Attorney General William Barr will hopefully appoint a team to further investigate the wrongdoing that has already been uncovered by Congressional committees. Because it would be difficult for DOJ officials to investigate their own colleagues, the appointment of a special counsel might be necessary.

Each government official involved must be questioned under oath and any conflicts or contradictions must be identified. Their answers will provide new opportunities for investigators to turn former co-conspirators against each other.

Investigators can then charge these officials with making false statements and turn their lives into living hells just as they once did to Michael Flynn, George Papadopoulos and others. Investigators must continue until the full truth is revealed and those responsible are held accountable.

We need only look at the long list of top-level FBI officials who have either been fired or have resigned in the past year to know that something extraordinary occurred. Long-time FBI officials don’t get fired or retire early over nothing.

Omerta will quickly fly out the window. Officials will abandon each other like rats deserting a sinking ship.

Politics has always been dirty, but the coordinated effort to delegitimize the presidency of Donald Trump is unprecedented. If this conspiracy is not exposed in it’s entirety, then Reagan’s vision of the shining city on the hill will be erased forever.
 

FrancSevin

Proudly Deplorable
GOLD Site Supporter
For over two years now, the left has been trying to find a crime on which to pin the accused,,,; Our President.
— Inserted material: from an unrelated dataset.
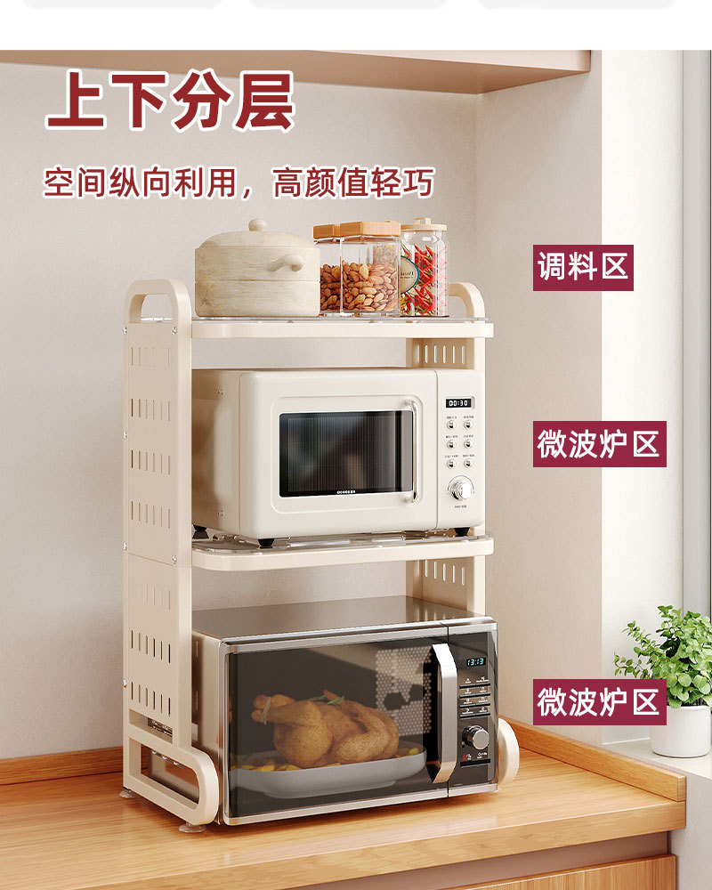 주방 가정용 조명 고급 전자 레인지 보관함 조리대 오븐 밥솥 에어 프라이어 전기 제품 다층 보관함스토어 가기
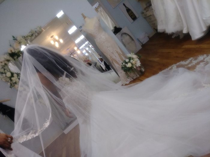 I went veil shopping with my FSIL today! I had such a hard time deciding between these two veils and ended up going with the one I was originally drawn to, the one on the left, first picture is a close up of the detail and the last picture is the...

At what point do we stop tolerating the crimes being committed in their effort?:hammer:

Now that we have a new FBI director, I hope that time is now!
 

tiredretired

The Old Salt
SUPER Site Supporter
I have no proof, of course. But......truth be told, 90% at least of the Republicans in Congress would have participated in the coup if they thought for one second they could get away with it.

Given all that has transpired over the last 25 months, it is a wonder our beloved POTUS is still alive. It really is.

If I had known what I know now back on Jan. 20, 2017 I would not be optimistic on his life expectancy. That is how much I trust these lying, crooked asshole Republicans. As for the DumpsterCrats, well, they deserve a special place in hell.